Las Vegas is all about what other people can do for you. The service industry is king. This is not surprising for a town that depends on tourism. Unfortunately, this means that any DYI crafting is basically unheard of. I’m sure that there are a few people with chicken coops or brewing kettles; but it’s not part of the zeitgeist. I never thought about home brewing or coffee roasting because nobody I knew and nobody I met did it either.
Seattle lives and breathes crafty. We have numerous groups dedicated to making cool shizzle. Want to learn blacksmithing? Check out the Ballard Forge. Home brewing? We have 6 dedicated stores and our own state association. Urban farming? Got that too. Everywhere you go in this city, you are surrounded by people who make awesome things. Hipsters may very well make up a much larger percent of the population, but they were doing it first, right? In a very short time, the Pacific Northwest inspired me to learn and invent.
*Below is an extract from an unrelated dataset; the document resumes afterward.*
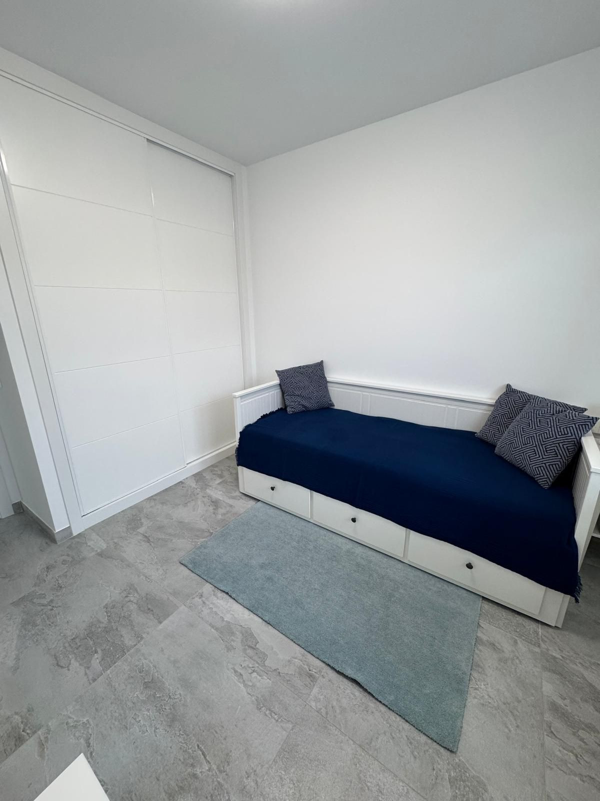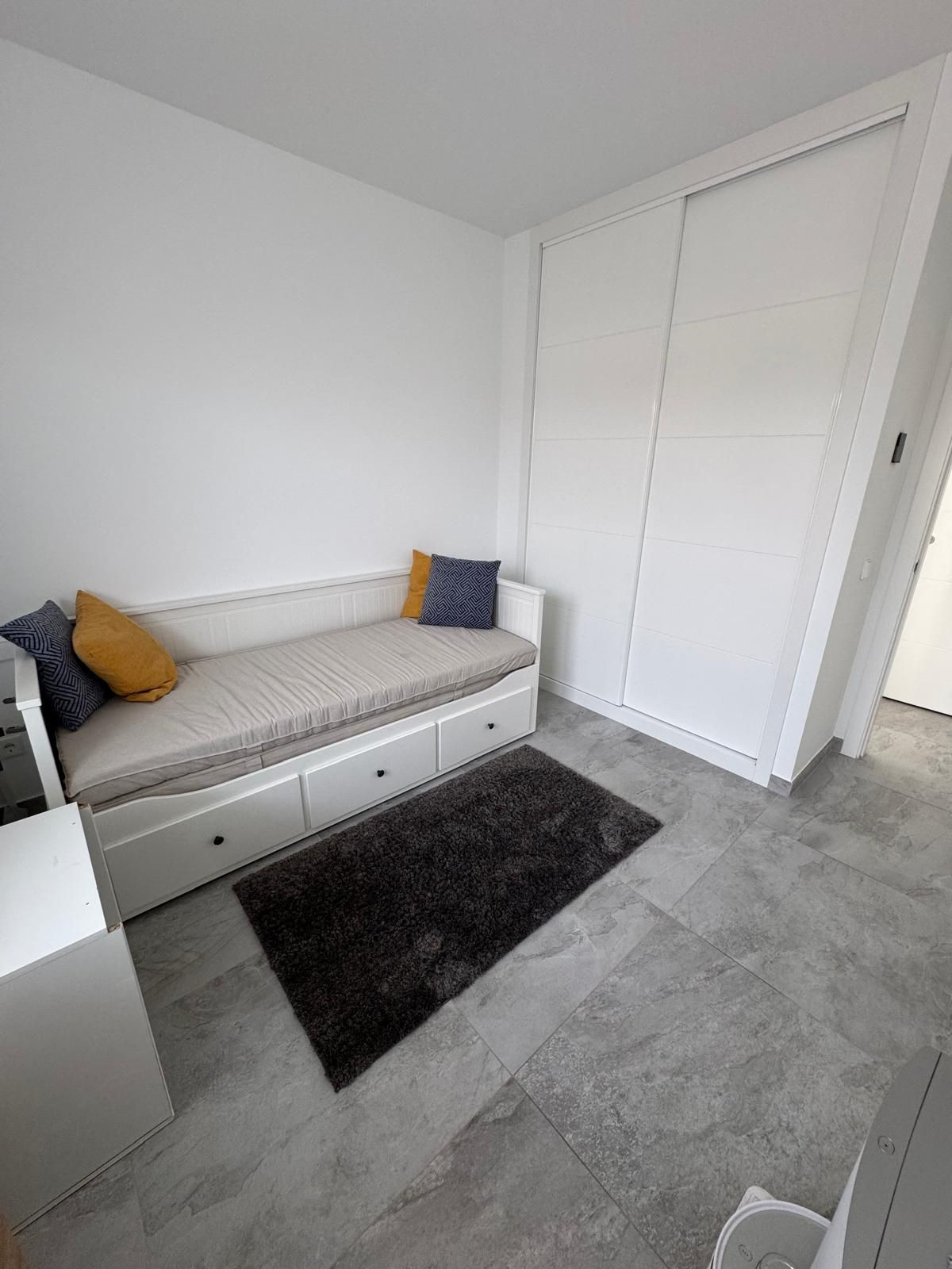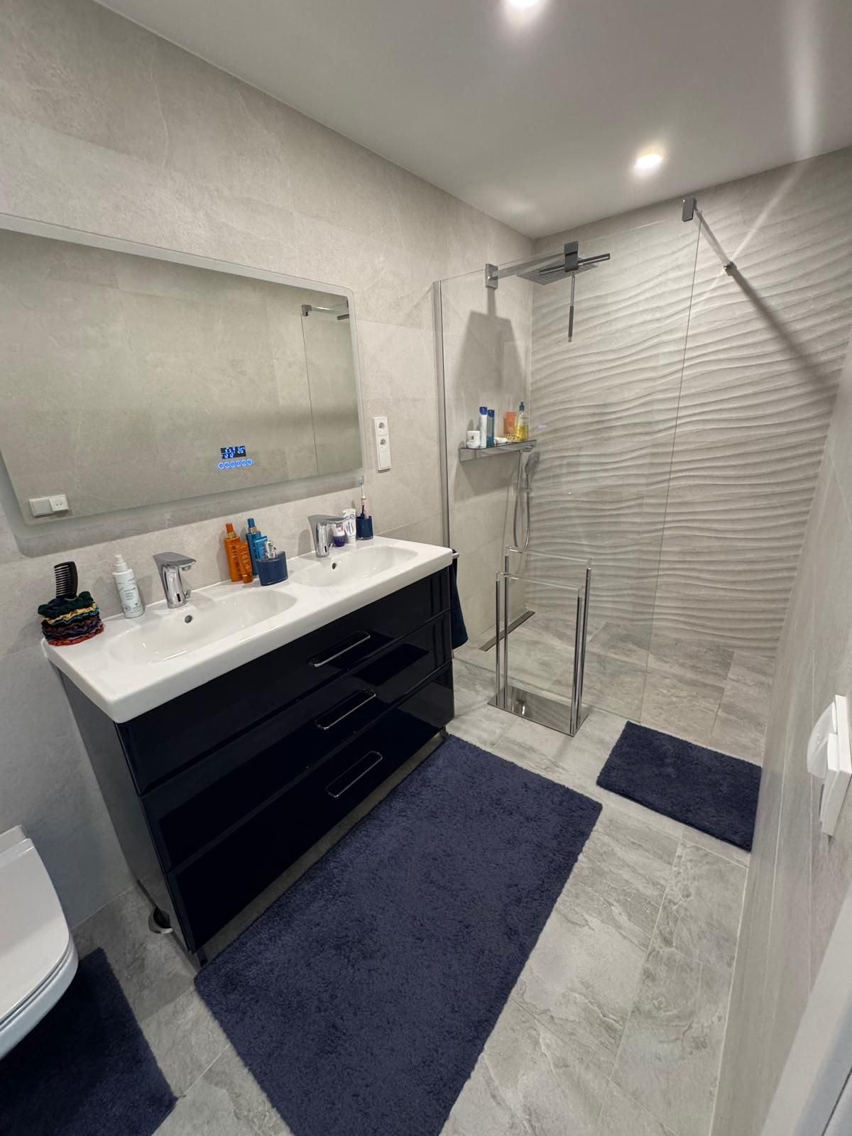 The perfectly designed penthouse offers three spacious bedrooms, all featuring built-in wardrobes and electric blinds on the windows. The main bedroom boasts an en-suite bathroom with double sink and a tiled walk-in shower with a rain shower head. The other two bedrooms share a second bathroom, also with a walk-in shower. In addition, there is a laundry room with additional storage space and a washer/dryer, underfloor heating throughout all the apartment, centralized air conditioning hot/cold, and an additional 2 water filters installed.

I’ve found that my time spent crafting has paid off in a few ways. When I brew beer, my price ends up being about $1-ish per 12oz bottle… which is an awesome price for craft beer! Hell, a good craft beer bomber (22oz) can run you anywhere from $4 to $20. I buy green coffee beans for half the price of store coffee ($5 per lb) and can roast them as dark (or light) as I want. Plus, the taste is amazing! You have not had coffee until you’ve had fresh roasted coffee. Not only am I saving money, but I am making items that are just as good (if not better) than what I could find at a commercial store.
The cool part is none of these skills are hard. It looked daunting at first, but once I was committed it took very little training and just a little research to get going. No matter where you live, the internet provides all the knowledge and materials needed. If I’ve learned anything, it’s not to let ignorance or fear get in the way of making something delicious!
It’s a new year. Embrace the power of the interwebs and MAKE ALL THE THINGS! You will not be disappointed.